• Problem requirements: If a line in the data below holds the word "your", copy it.

Data excerpts:
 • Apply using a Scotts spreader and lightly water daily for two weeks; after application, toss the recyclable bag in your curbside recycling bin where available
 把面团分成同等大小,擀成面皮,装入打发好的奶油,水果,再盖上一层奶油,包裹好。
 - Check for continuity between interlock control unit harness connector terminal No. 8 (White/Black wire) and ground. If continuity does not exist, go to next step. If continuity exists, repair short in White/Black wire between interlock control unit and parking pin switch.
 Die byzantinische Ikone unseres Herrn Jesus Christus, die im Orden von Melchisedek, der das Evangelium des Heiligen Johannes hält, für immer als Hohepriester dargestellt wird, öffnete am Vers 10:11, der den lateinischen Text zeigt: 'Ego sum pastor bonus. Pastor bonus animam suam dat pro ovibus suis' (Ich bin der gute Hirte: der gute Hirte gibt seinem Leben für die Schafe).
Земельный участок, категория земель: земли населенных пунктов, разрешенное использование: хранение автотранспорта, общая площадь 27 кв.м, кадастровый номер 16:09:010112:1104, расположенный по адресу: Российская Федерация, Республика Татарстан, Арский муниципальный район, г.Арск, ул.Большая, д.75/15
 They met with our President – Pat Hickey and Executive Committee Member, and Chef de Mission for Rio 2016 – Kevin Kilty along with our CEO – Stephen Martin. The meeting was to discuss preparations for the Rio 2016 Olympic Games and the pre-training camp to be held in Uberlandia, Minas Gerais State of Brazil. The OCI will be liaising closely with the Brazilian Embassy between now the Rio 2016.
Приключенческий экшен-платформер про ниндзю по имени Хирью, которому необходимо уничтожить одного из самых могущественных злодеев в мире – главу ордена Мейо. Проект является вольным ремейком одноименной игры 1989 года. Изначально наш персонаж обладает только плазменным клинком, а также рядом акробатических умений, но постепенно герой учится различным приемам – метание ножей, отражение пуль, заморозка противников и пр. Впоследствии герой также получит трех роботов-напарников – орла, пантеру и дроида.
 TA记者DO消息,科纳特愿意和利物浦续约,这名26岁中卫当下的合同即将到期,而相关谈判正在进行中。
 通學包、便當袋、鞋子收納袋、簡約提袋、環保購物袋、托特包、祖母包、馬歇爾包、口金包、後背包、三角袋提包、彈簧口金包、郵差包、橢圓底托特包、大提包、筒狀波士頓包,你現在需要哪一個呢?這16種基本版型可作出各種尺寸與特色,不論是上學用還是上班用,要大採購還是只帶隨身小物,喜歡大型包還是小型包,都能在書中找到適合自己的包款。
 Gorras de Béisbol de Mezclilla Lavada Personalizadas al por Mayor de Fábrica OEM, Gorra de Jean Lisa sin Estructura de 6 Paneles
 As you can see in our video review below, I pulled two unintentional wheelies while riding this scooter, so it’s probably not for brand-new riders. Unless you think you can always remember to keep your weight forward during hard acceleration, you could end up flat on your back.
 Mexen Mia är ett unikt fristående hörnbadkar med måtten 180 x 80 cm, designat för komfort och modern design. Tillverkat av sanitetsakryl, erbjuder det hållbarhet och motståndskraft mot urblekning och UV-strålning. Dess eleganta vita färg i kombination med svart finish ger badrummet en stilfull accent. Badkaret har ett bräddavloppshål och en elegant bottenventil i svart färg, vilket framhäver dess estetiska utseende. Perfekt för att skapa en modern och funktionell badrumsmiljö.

• Solution for this task:
 • Apply using a Scotts spreader and lightly water daily for two weeks; after application, toss the recyclable bag in your curbside recycling bin where available
 As you can see in our video review below, I pulled two unintentional wheelies while riding this scooter, so it’s probably not for brand-new riders. Unless you think you can always remember to keep your weight forward during hard acceleration, you could end up flat on your back.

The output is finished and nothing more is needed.